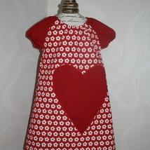 Rød og hvitblomstrete kjole m hjerte, str 3 år
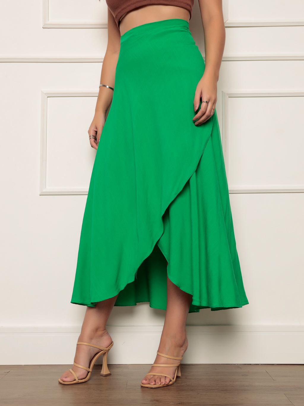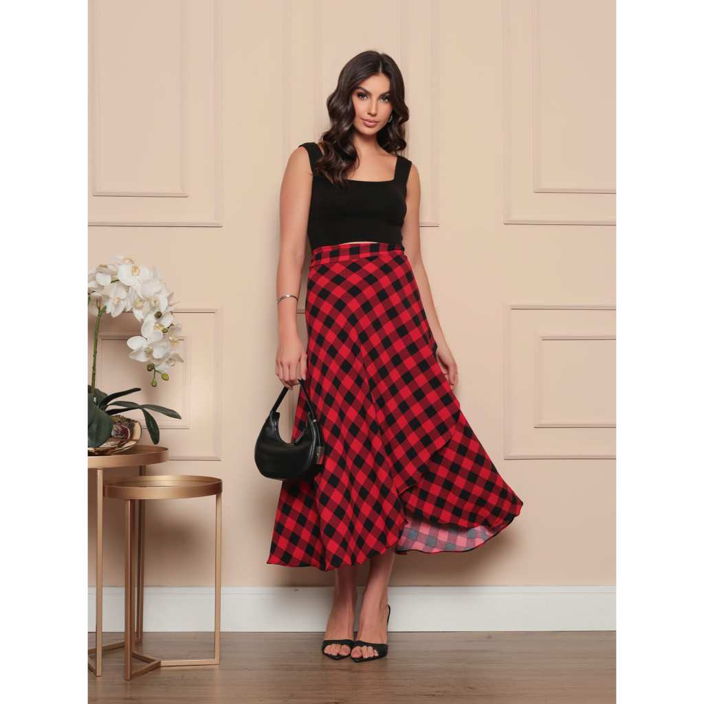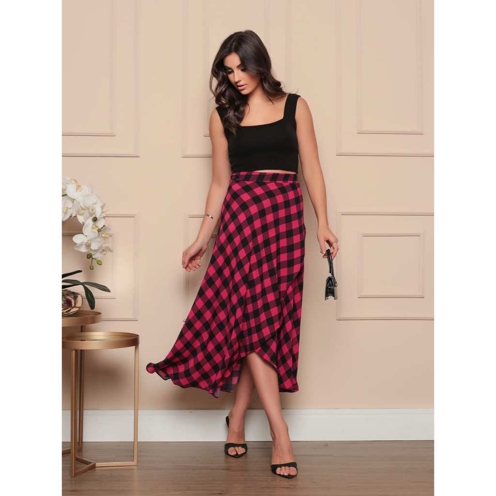 Saia Envelope Maxi Transpassada de Amarrar Moda Blogueira forada
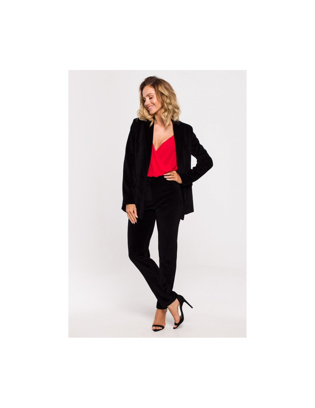 Elegantiškas, veliūrinio audinio švarkas užsegamas viena sagute;
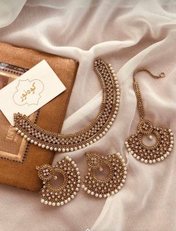 Antique style indian ethnic choker jewellery set earrings jhumka matha tikka choker necklace set half head
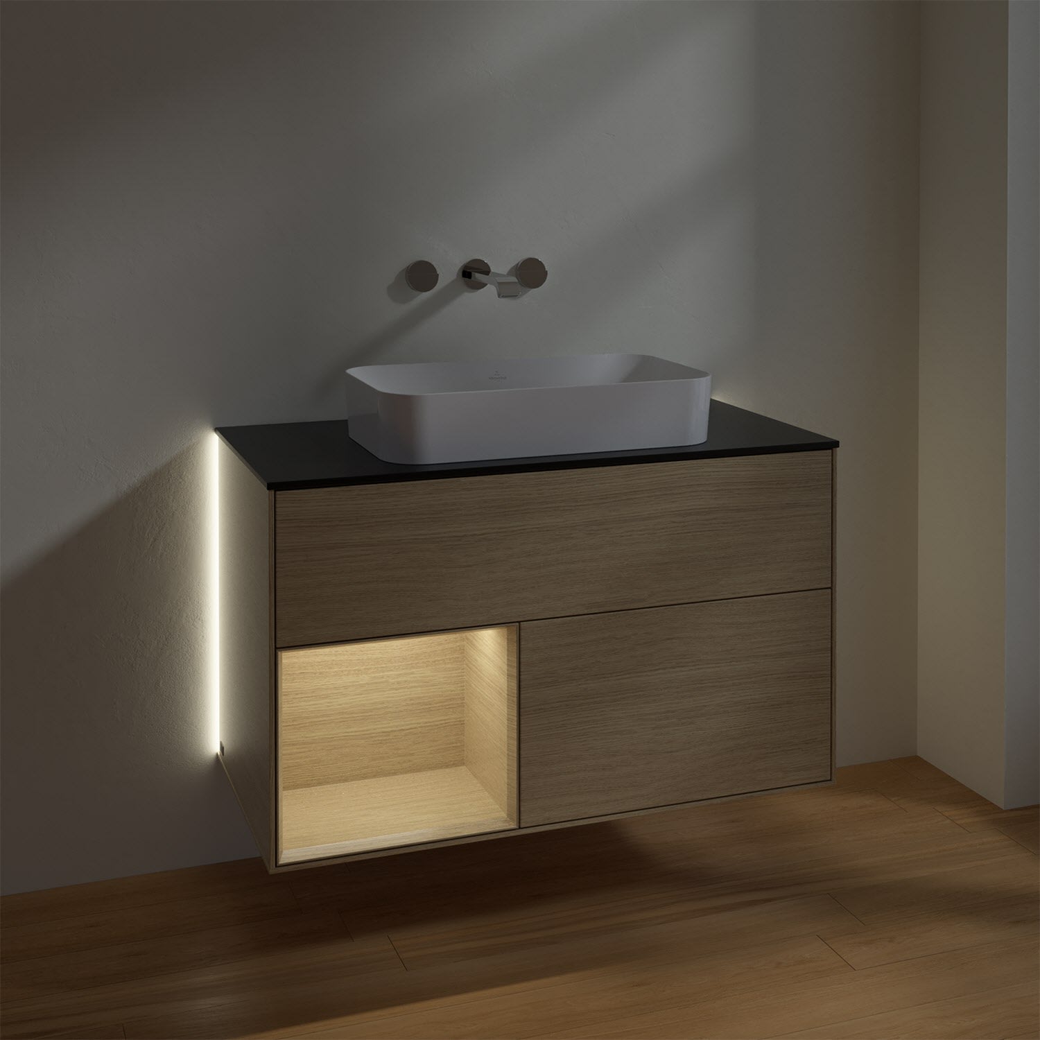 Villeroy & Boch Finion Waschtischunterschrank 100 cm mit Regalelement links und Abdeckplatte, mit Wandbeleuchtung
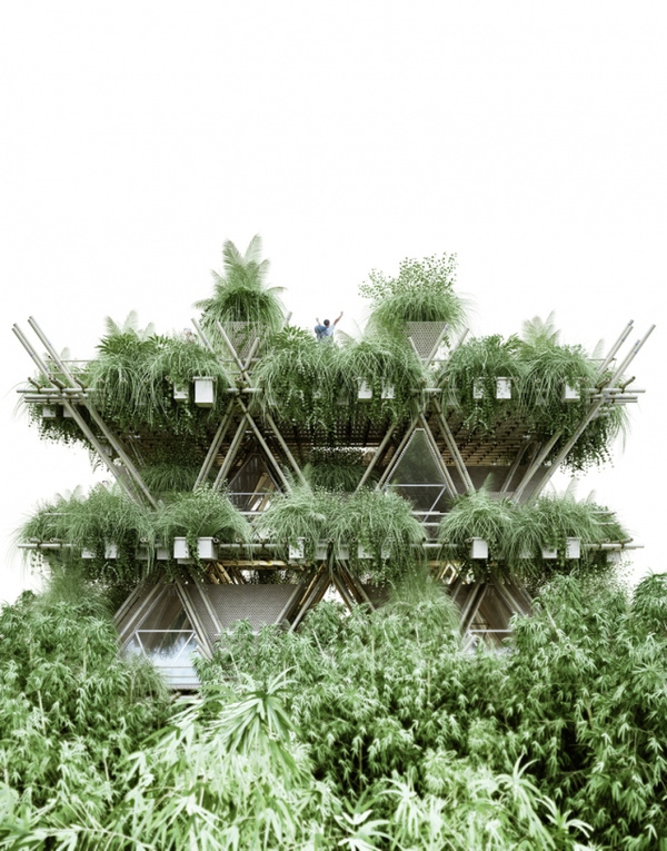 這是完全由竹子和繩索的結(jié)構(gòu)體系。安裝完全模塊化,生態(tài)化,沒(méi)有任何釘子或螺絲釘,使用的所有材料均100%可回收,以便于各個(gè)方向展開(kāi)研究。在BJDW,游客將植物編成籃子被連接到展館。植物將沿著結(jié)構(gòu)生長(zhǎng)并經(jīng)過(guò)一段時(shí)間后,自然將成為主要的設(shè)計(jì)元素。
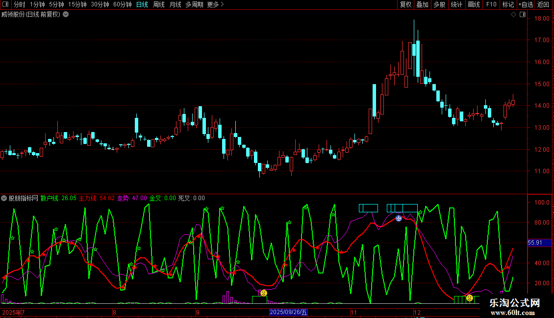 DRAWTEXT(死叉,散户线,'☆'),COLOR00F300;

| EXERCISE GOAL |
In the answer, the lines from the one containing "Saia Envelope Maxi" to the end of the records above must be written out exactly, both ends included; the pictures must not appear.

| EXERCISE RESPONSE |
 Saia Envelope Maxi Transpassada de Amarrar Moda Blogueira forada
 Elegantiškas, veliūrinio audinio švarkas užsegamas viena sagute;
 Antique style indian ethnic choker jewellery set earrings jhumka matha tikka choker necklace set half head
 Villeroy & Boch Finion Waschtischunterschrank 100 cm mit Regalelement links und Abdeckplatte, mit Wandbeleuchtung
 這是完全由竹子和繩索的結(jié)構(gòu)體系。安裝完全模塊化,生態(tài)化,沒(méi)有任何釘子或螺絲釘,使用的所有材料均100%可回收,以便于各個(gè)方向展開(kāi)研究。在BJDW,游客將植物編成籃子被連接到展館。植物將沿著結(jié)構(gòu)生長(zhǎng)并經(jīng)過(guò)一段時(shí)間后,自然將成為主要的設(shè)計(jì)元素。
 DRAWTEXT(死叉,散户线,'☆'),COLOR00F300;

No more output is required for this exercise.